A security researcher known for finding Java bugs has uncovered a new critical zero-day vulnerability in all currently-supported versions of the popular Oracle software.
The bug, which was publicly reported on the Full Disclosure security mailing list Tuesday by Adam Gowdiak, the founder and CEO of Polish security firm Security Explorations, can be leveraged to hijack a machine equipped with Java, letting attackers install malware on the system.
Windows PCs and Macs are equally at risk if their users have installed Java, or in the case of OS X, are running 10.6, aka Snow Leopard, or earlier. Snow Leopard was the last edition where Apple bundled Java with the operating system.
All currently-support versions of Java, including Java 5, Java 6 and Java 7, contain the bug.
Gowdiak has found other Java vulnerabilities in the past: Earlier this year he reported more than a dozen to Oracle. Months later, hackers independently uncovered one of the bugs, then began using it in widespread attacks during August.
On Aug. 30 Oracle shipped one of its rare emergency, or "out-of-band," security updates to patch the exploited Java bug.
The vulnerability Gowdiak revealed Tuesday was both potentially more serious than the already-exploited flaw and less of a risk to users at the moment.

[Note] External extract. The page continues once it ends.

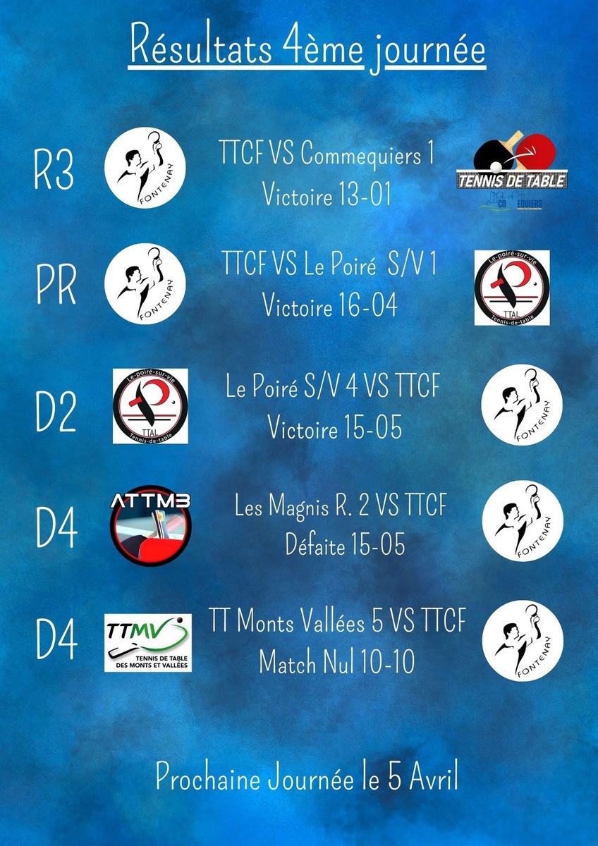 Résultats de la 4eme journée : Bonne journée pour l'ensemble de nos équipes. La R3 a validé son maintien La PR est toujours en tête de sa poule. La D2 a également validé son maintien. La D4 (5) a fait match nul et devra gagner face à Pouzauges début mai pour la montée en D3. La D4 (4) continue son apprentissage. Prochaine journée le 5 Avril

"The potential impact is bigger when it comes to the number of Java desktops," said Gowdiak in an email reply to questions. "The vulnerability affects up-to-date installs of Java 5, 6 and 7. We even tested the developer preview of Java 7 Update 10, a build from Sept. 20, 2012, [and] verified it was also vulnerable."
The Java zero-days exploited by cyber criminals last month were in Java 7 only -- the newest edition -- and because of that, Gowdiak and other experts recommended users downgrade to Java 6, which was safe.

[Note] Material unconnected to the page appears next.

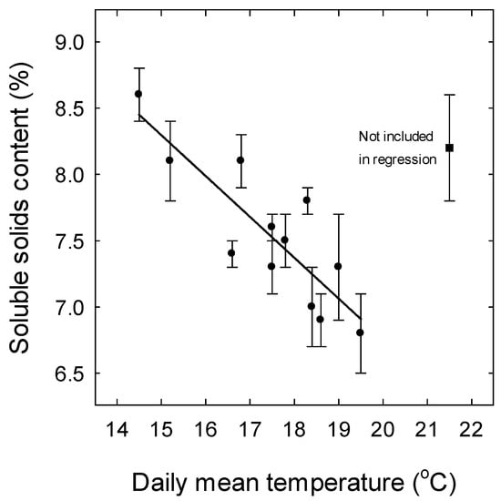 APA StyleMenzel, C. M. (2022). Effect of Temperature on Soluble Solids Content in Strawberry in Queensland, Australia. Horticulturae, 8(5), 367. https://doi.org/10.3390/horticulturae8050367

Not the case now, as all editions of Java harbor the flaw.
Gowdiak, using installed-base statistics cited by Oracle, argued that approximately 1 billion computer users are at risk because of the unpatched vulnerability.

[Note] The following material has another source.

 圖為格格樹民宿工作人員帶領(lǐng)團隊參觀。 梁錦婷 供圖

On the other hand, there is much less urgency with this vulnerability than the one exploited last month for the simply fact that there's no evidence it's in the hands of hackers. "We are not aware of any active attacks that would exploit this vulnerability," Gowdiak said.
While Gowdiak said that he found the new Java bug last week -- and took the weekend to create and test a proof-of-concept exploit -- he only reported it to Oracle on Tuesday. In a follow-up email to Computerworld, Gowdiak said, "We just received confirmation of the issue from Oracle."
The company also told him that the bug will be patched in a future Java security update, but that it did not name which. The next on Oracle's quarterly schedule will ship Oct. 16.
That was one of several reasons Gowdiak used to explain why he went public with the bug -- albeit sans technical details -- rather than privately reporting it to Oracle and waiting for the company to quietly patch Java. "There are still three weeks until the scheduled Java October Critical Patch Update [CPU], so it might be possible that Oracle manages to address the bug [on Oct. 16]," he said.
Gowdiak also said it was "simply our obligation to provide users with a proper warning," especially in light of recommendations last month to shift from Java 7 to the then-safe Java 6.
The fact that Java 6 is vulnerable will be of special interest to anyone using a Mac that runs OS X 10.6 (Snow Leopard) or OS X 10.5 (Leopard). Although Apple stopped bundling Java with OS X starting in 2011, 2009's Snow Leopard and 2007's Leopard included the software. If hackers have found -- or do find -- Gowdiak's vulnerability on their own, and exploit it before Oracle patches, Snow Leopard and Leopard users will be at risk, just like those running Lion or Mountain Lion.
The publicity of the newest Java zero-day -- several media outlets reported it yesterday -- will, of course, put some pressure on Oracle to act quickly, a reason often cited by security researchers who broadcast the existence of a flaw before a patch is available.
Gowdiak had an answer for that, too.
"We [make] public announcements, so that users are aware that there are some risks associated with given software or a technology, and can plan their actions accordingly," he said. He also declined to share more information about the nature of the vulnerability than the vague description in the Full Disclosure message.
Gowdiak confirmed that his proof-of-concept exploit worked against the Java plug-in used by the current versions of Chrome, Firefox, Internet Explorer 9, Opera and Safari on Windows 7.
As virtually every security professional has done when a Java vulnerability or exploit surfaces, Gowdiak yesterday urged users to disable the plug-in in their browsers until Oracle issues a patch.
Security Explorations keeps an up-to-date account of the vulnerabilities it reports to vendors, and their reactions, if any, on its website.
Instructions for disabling Java in the major browsers can be found on the US-CERT (United States Computer Emergency Readiness Team) website.